Делать нечего — надо встречать незваного гостя. Встала, оглянулась еще раз в поисках неотложного дела, словно хотела зачем-то потянуть время, но ничего такого глаза не заметили. Пришлось идти, так как уже привыкла за время жизни здесь — скрываясь и осматриваясь, чутко прислушиваясь к звукам и поглядывая на следы. А в голове роем закрутились мысли: Бероев вернулся? Один? А остальные? Новая хитрость ловцов, или другое что-то? И при мысли об этом «что-то» стало жарко. То ли Гаучо так греет немилосердно, то ли слишком спешит она на встречу с «коллегой». И воспоминание дурацкое, совсем ненужное — как Бероев возле учебки коснулся пальцами ее щеки и странно так посмотрел, словно сказать хотел что-то, но лишь попрощался. Ну и пусть, ей-то что! Она теперь одна и ей это нравится, так что пришел он совершенно зря!
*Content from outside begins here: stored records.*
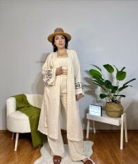 Ayarlanabilir askılı pamuk keten crop ve pantalon. Yan nakış detaylı. Sırt ve bel kısmı lastiklidir.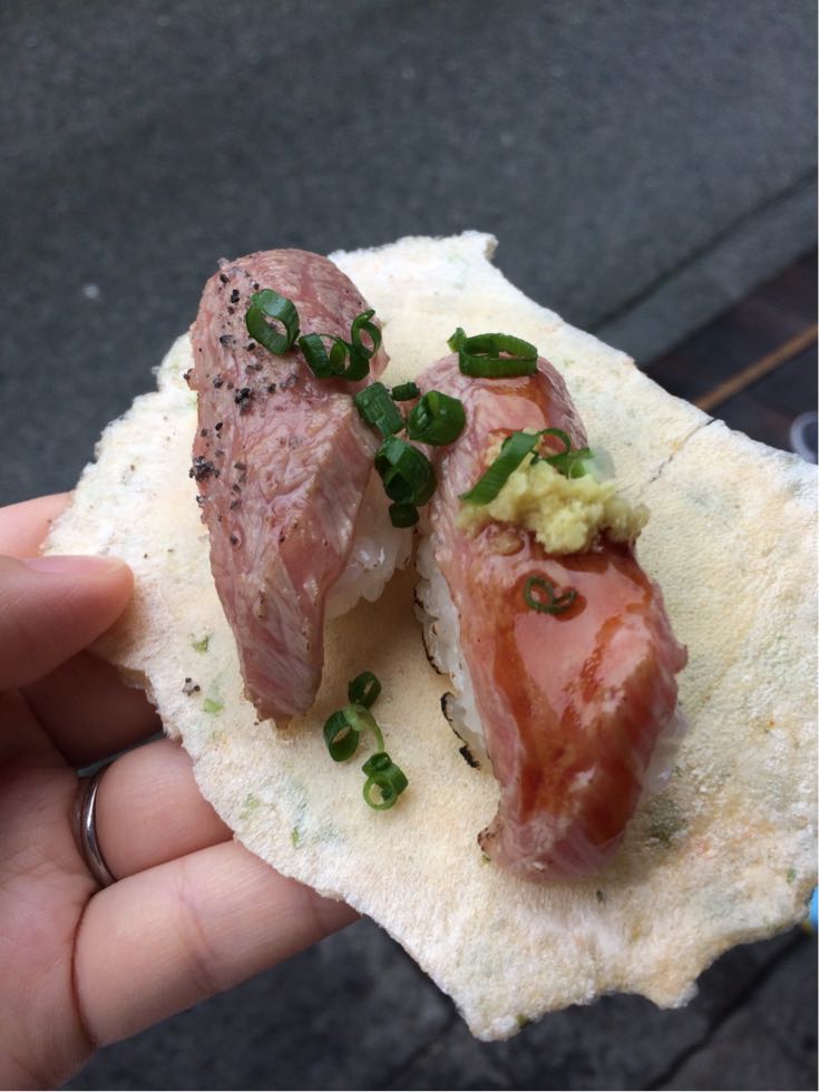 ↑飛騨牛寿司とメンチカツ
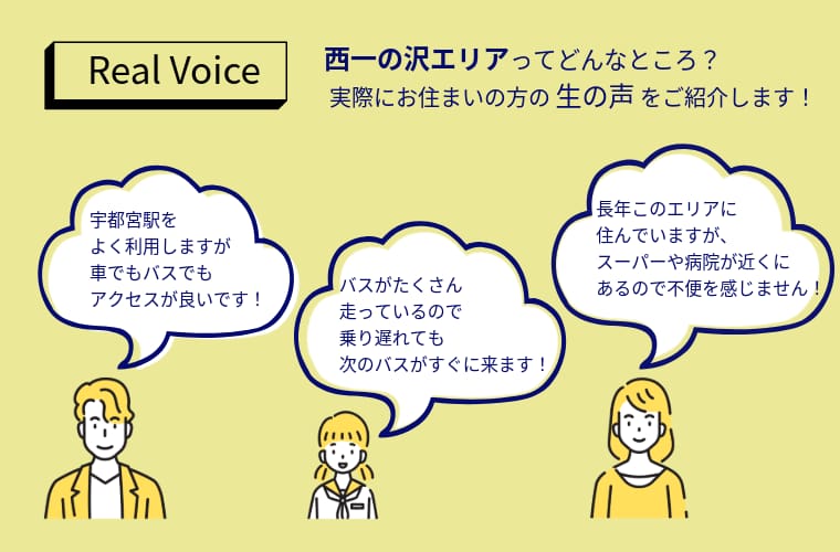 「関東自動車整備前」バス停からはJR「宇都宮」駅へ1日206本のバス便も魅力です。車での移動は、大谷街道や宇都宮環状道路へのアクセスが良く、中心街やショ ッピングモールへ快適にアクセスできます。環境に優しいLRTの駅西側延伸の計画があり、益々便利になります。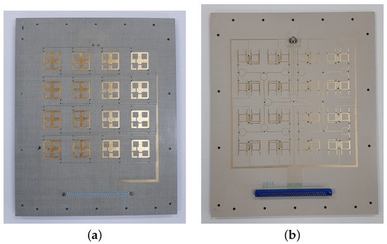 Fabricated structure: (a) antenna side; (b) phase shifter and power divider side.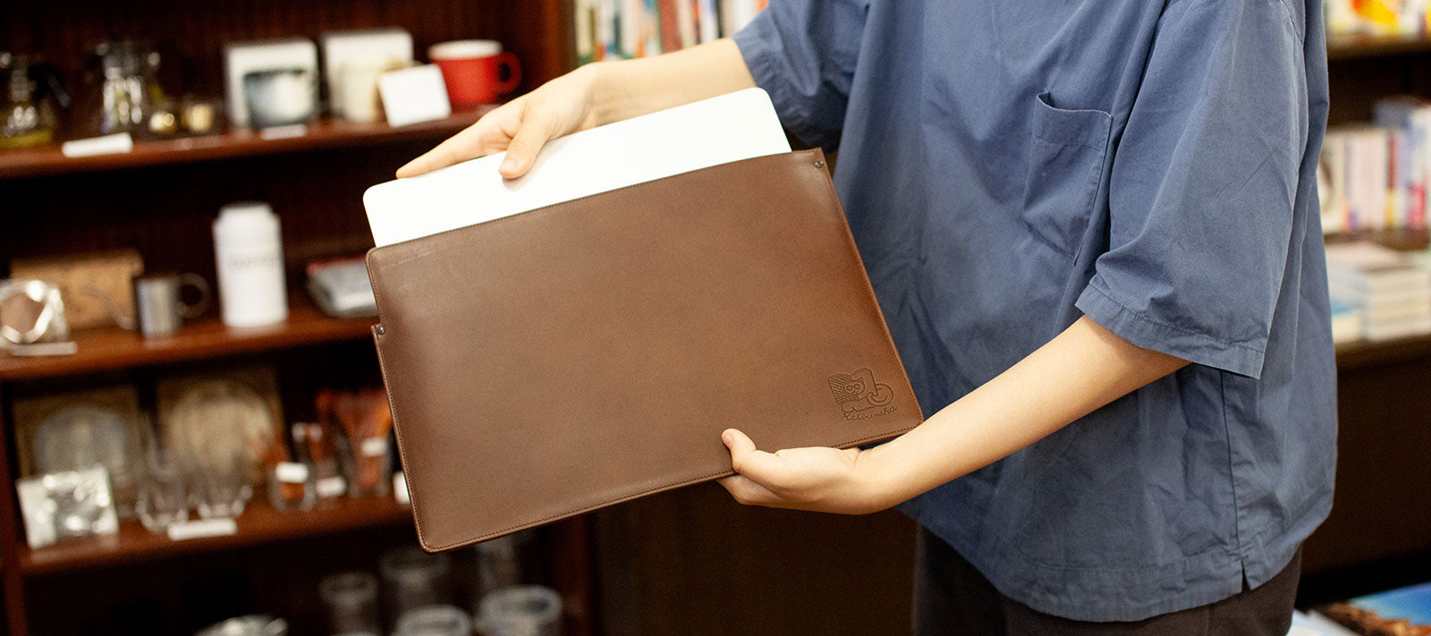名書店「恵文社」とのコラボレーションモデル。最高品質レザー使用のPCスリーブ。

Вадим — вот как оказывается звать Бероева — и не думал скрываться. Он разводил костёр в том месте, где она обычно занималась стряпнёй, и подвешивал над огнём котелок, используя давно прилаженную рядом рогульку. Пистолет в расстёгнутой кобуре и помповка под рукой — видно, что реальности жизни на этой планете он уже усвоил твёрдо. Оружие — это не угроза кому-то, а часть бытия. И движения — четкие, уверенные, без суеты. Подумать только, Он здесь, на Прерии! Могла ли она предположить нечто подобное, когда сжигала за собой мосты, отправляясь сюда?!
И сама себе ответила: «Нет!» Возможно, потому и нет веры даже к нему. Слишком все это как-то нарочито. Почему вот его послали? Именно его!?
Посмотрела издалека на хлопоты умелого кашевара, на банку консервов, вскрытую и приготовленную к опрокидыванию в варево, на пакет, из которого что-то сыплется в кипящую воду. Судя по всему, ловить её сегодня собираются на приманку… хотя… с другой стороны — ну нельзя же, в конце концов, всегда и всё рассматривать исключительно в подобном ключе! Ведь она точно помнит, что появившись невесть откуда в самый решительный момент, этот парень не к ней подскочил, чтобы повязать, а обезоружил свою напарницу (или кто она ему), пытавшуюся угрожать ей. То есть, завершил дело, начатое чубакобарой, просто не столь стремительно вступил в дело.
Бероев не оглядывался в ее сторону, напротив даже к озеру отвернулся, выпрямляясь:
— Выходи уже, что ли, — предложил нейтрально негромким голосом.
Ну конечно, расслабилась тут со своими мыслями… Любой бы давно обнаружил. Тем более она слишком уж пристально его разглядывала.
— Привет! — Дара кивнула Вадиму, выходя из-за кустов. — Угощаешь?
Парень исподлобья быстрым взглядом оглядел ее всю, от ботинок до макушки, и ответил какой-то нерешительной улыбкой, сразу изменившей его лицо, даже смешливые морщинки в уголках глаз появились. И девушка невольно выдохнула, словно задерживала дыхание, не зная, как теперь себя с ним вести. Какой-то миг обмена взглядами, а сразу стало легче, свободней.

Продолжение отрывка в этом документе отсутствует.